**Work order:**
The answer is all of the entries below, repeated exactly and free of pictures.
### Source material ###
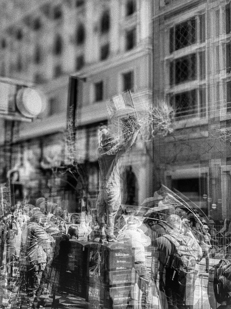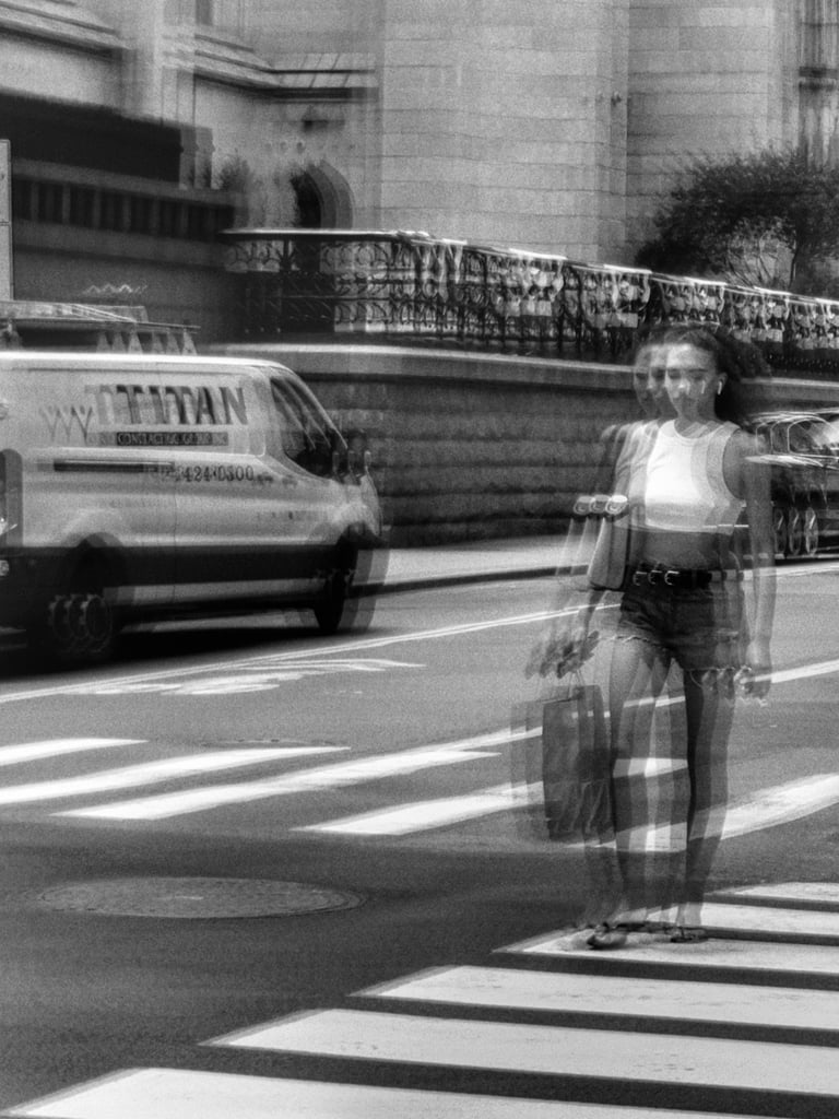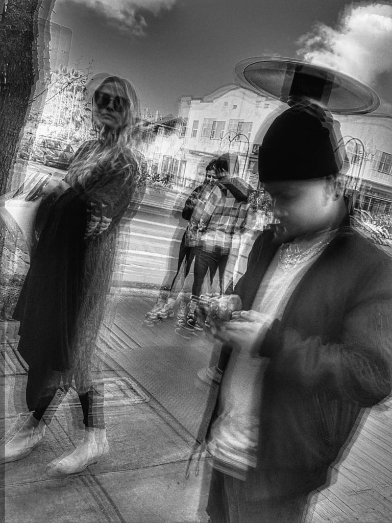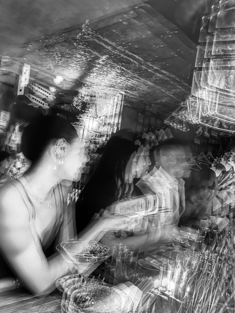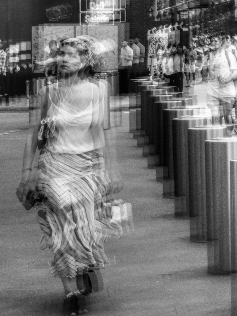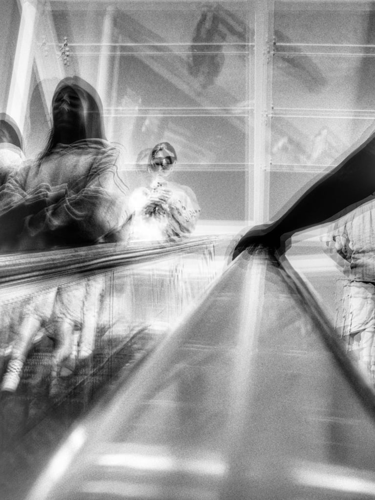 Efra’s multi-exposure, abstract photographs capture fleeting gestures, light, and atmosphere in ways that suggest movement rather than stillness.
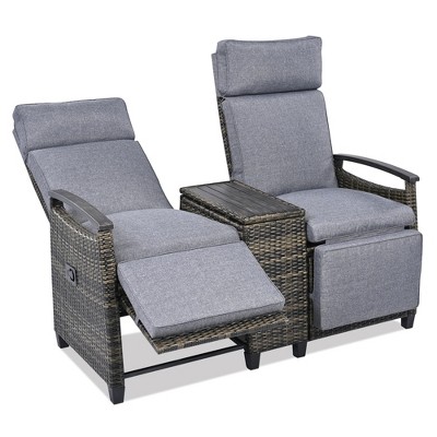 APRILSOUL 53.3"Patio Recliner Loveseat Chair, Adjustable Backrest Wicker Outdoor Lounge Chair Set
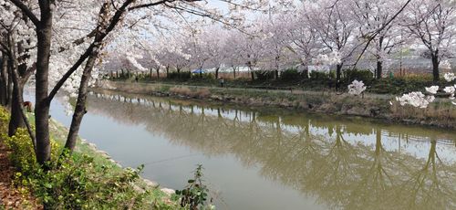 서운천 벚꽃길을 산책하며 봄을 만끽한다. 가벼운 산책, 숨찬 러닝 어느 쪽이라도 좋다. 눈과 코를 자극하는 상쾌함으로 숨이 벅차다. 물 위에 투영된 벚꽃나무로 두번 즐기는 꽃놀이다.
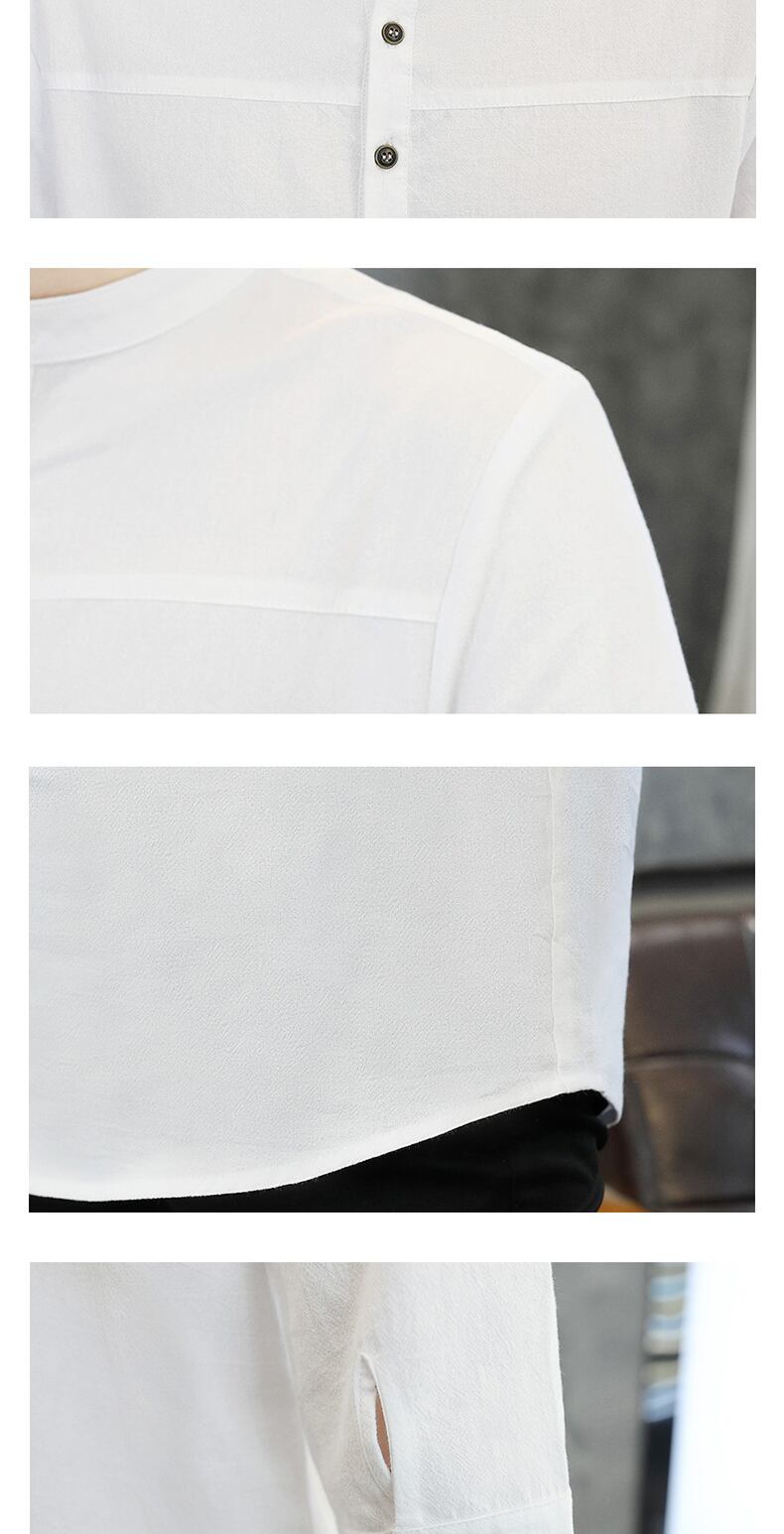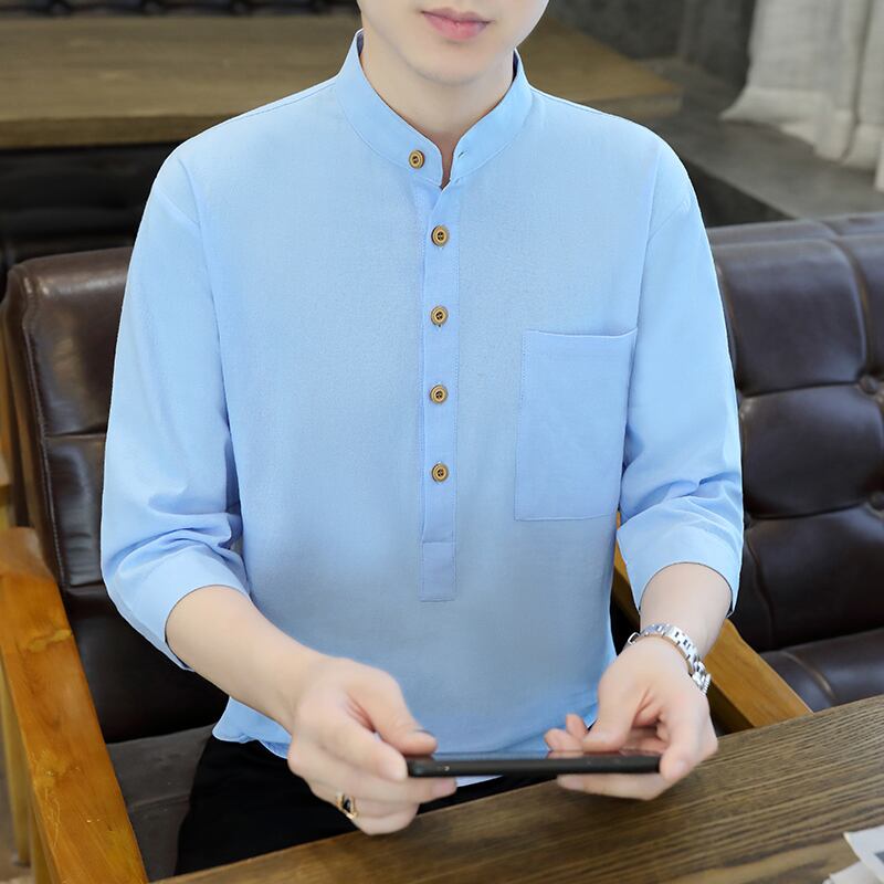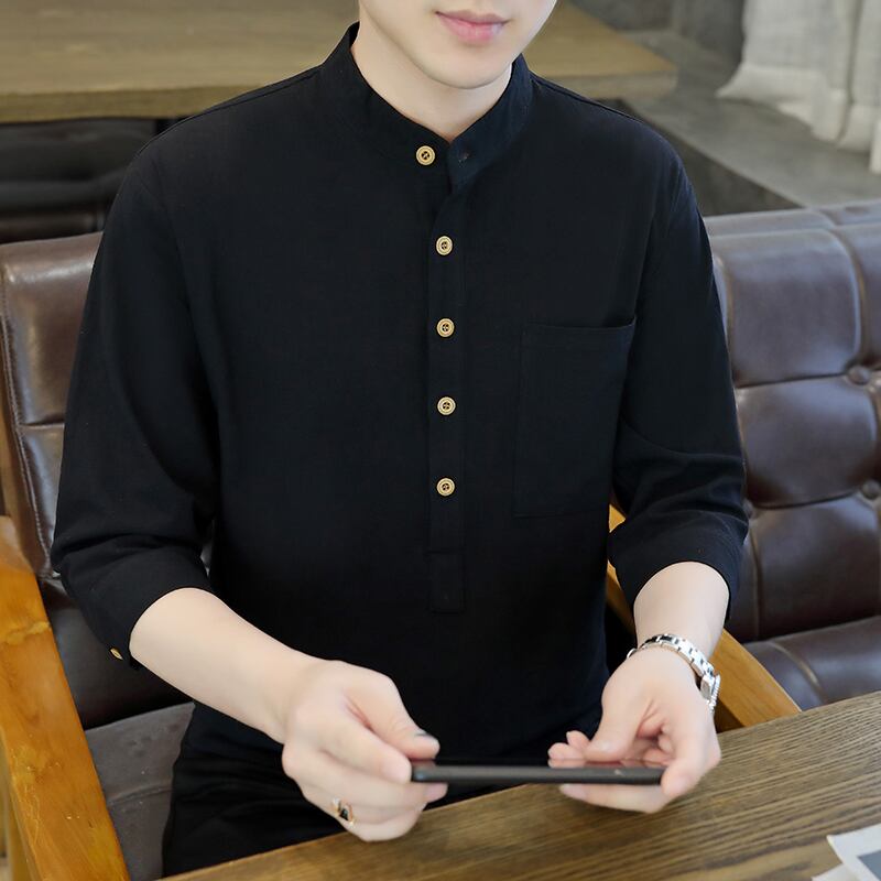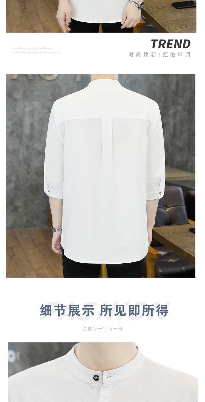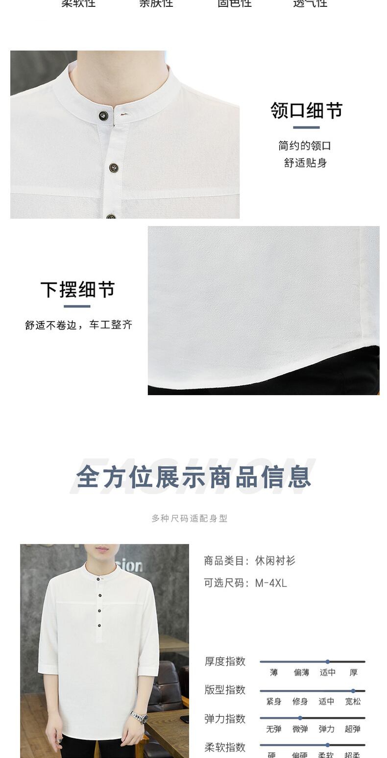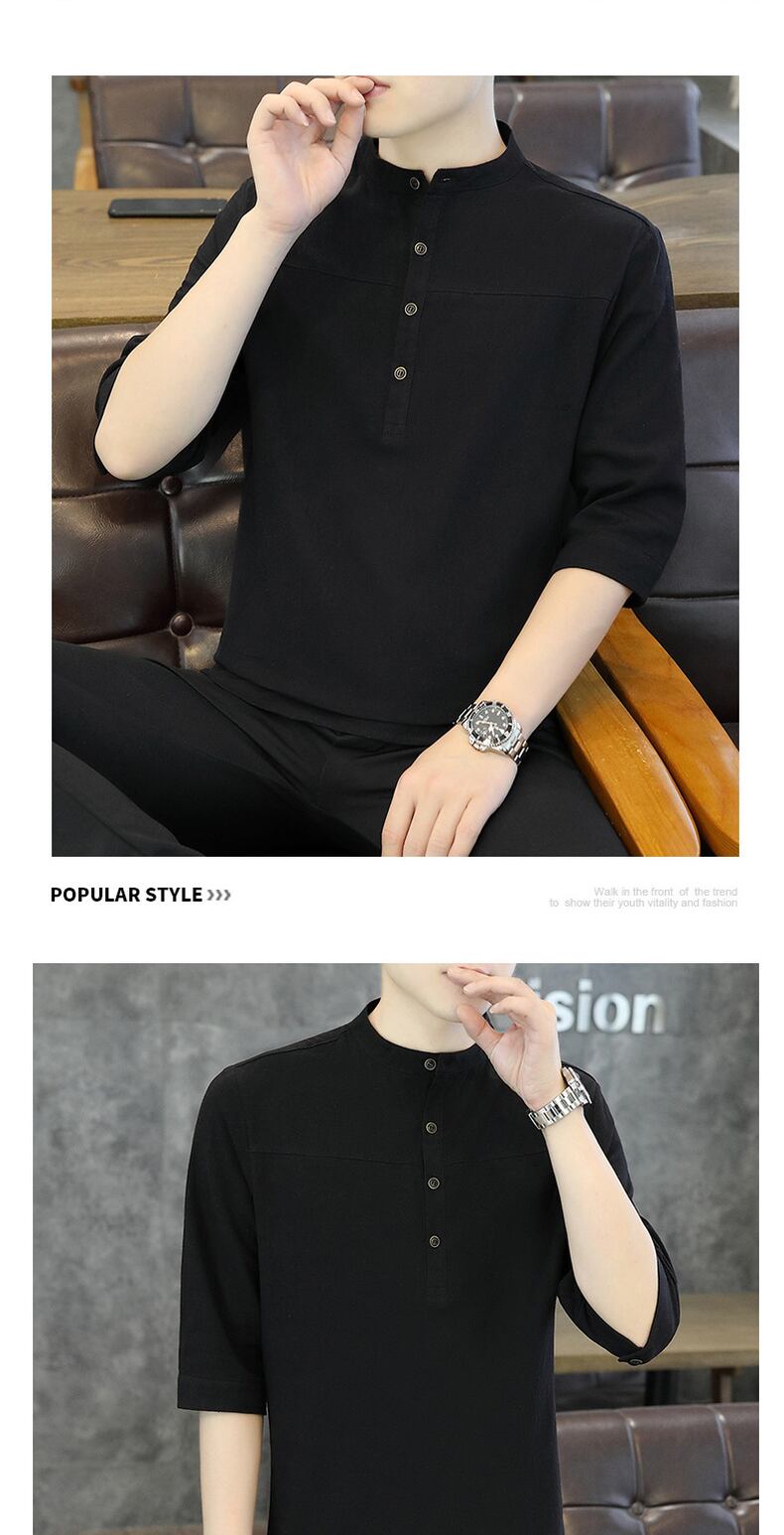 Shirt collar short-sleeved men's summer ice silk cotton linen three-quarter sleeve T-shirt Tide brand clothes Chinese style men's T-shirt コットン サマー 夏物 シルク Tシャツ doushi25421232177
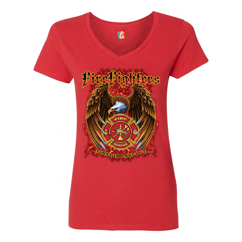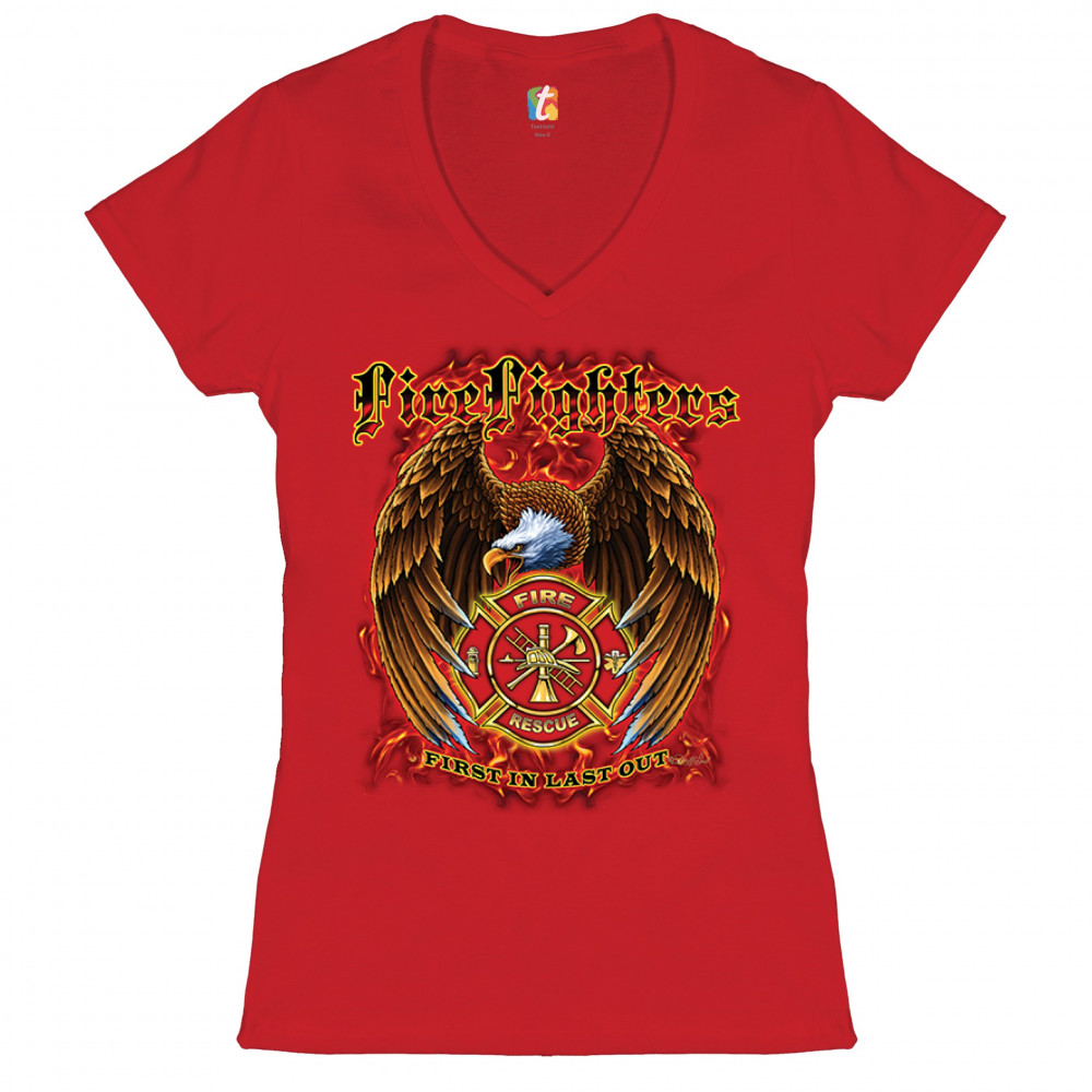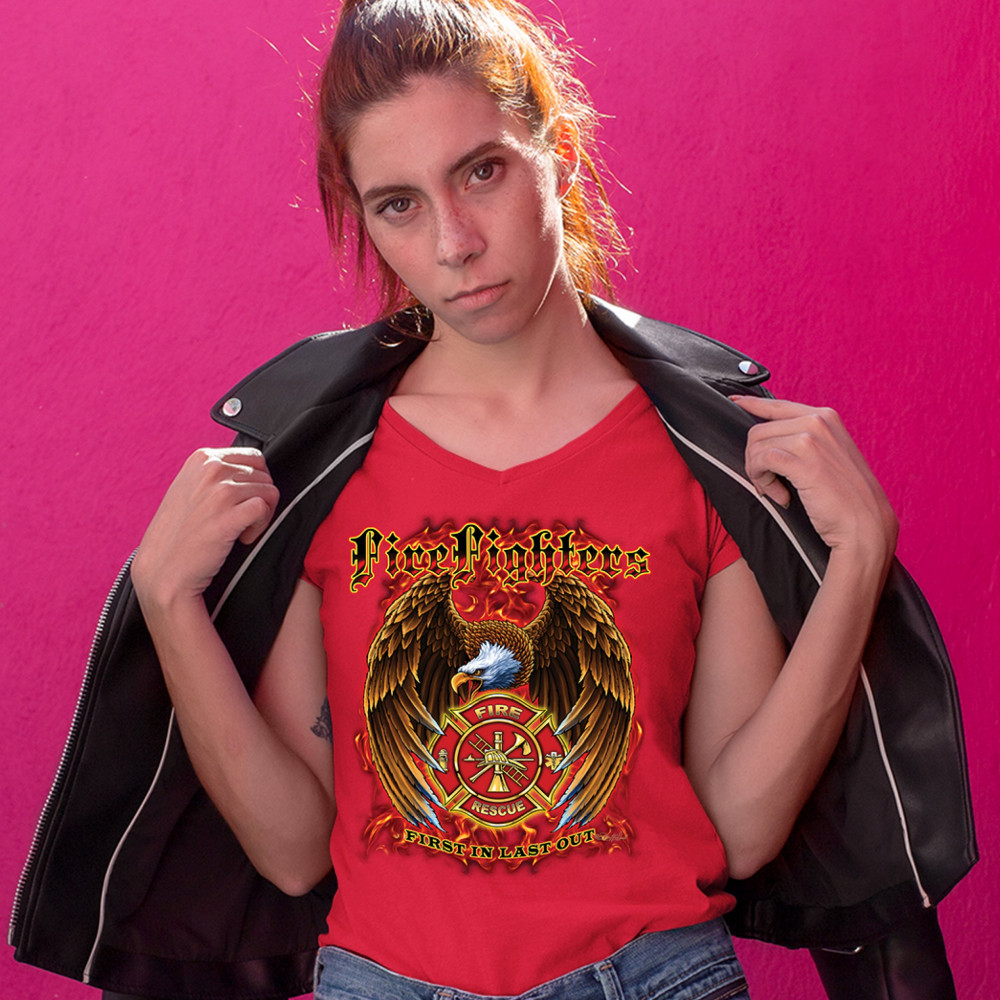 A print featuring an American Bald Eagle sitting on a firefighter emblem, which says: "Fire, Rescue". The background is engulfed in flames and the print says: "Firefighters First In Last Out". A great choice as a gift for a first responder.
###
**Response for this exercise:**
 Efra’s multi-exposure, abstract photographs capture fleeting gestures, light, and atmosphere in ways that suggest movement rather than stillness.
 APRILSOUL 53.3"Patio Recliner Loveseat Chair, Adjustable Backrest Wicker Outdoor Lounge Chair Set
 서운천 벚꽃길을 산책하며 봄을 만끽한다. 가벼운 산책, 숨찬 러닝 어느 쪽이라도 좋다. 눈과 코를 자극하는 상쾌함으로 숨이 벅차다. 물 위에 투영된 벚꽃나무로 두번 즐기는 꽃놀이다.
 Shirt collar short-sleeved men's summer ice silk cotton linen three-quarter sleeve T-shirt Tide brand clothes Chinese style men's T-shirt コットン サマー 夏物 シルク Tシャツ doushi25421232177
 A print featuring an American Bald Eagle sitting on a firefighter emblem, which says: "Fire, Rescue". The background is engulfed in flames and the print says: "Firefighters First In Last Out". A great choice as a gift for a first responder.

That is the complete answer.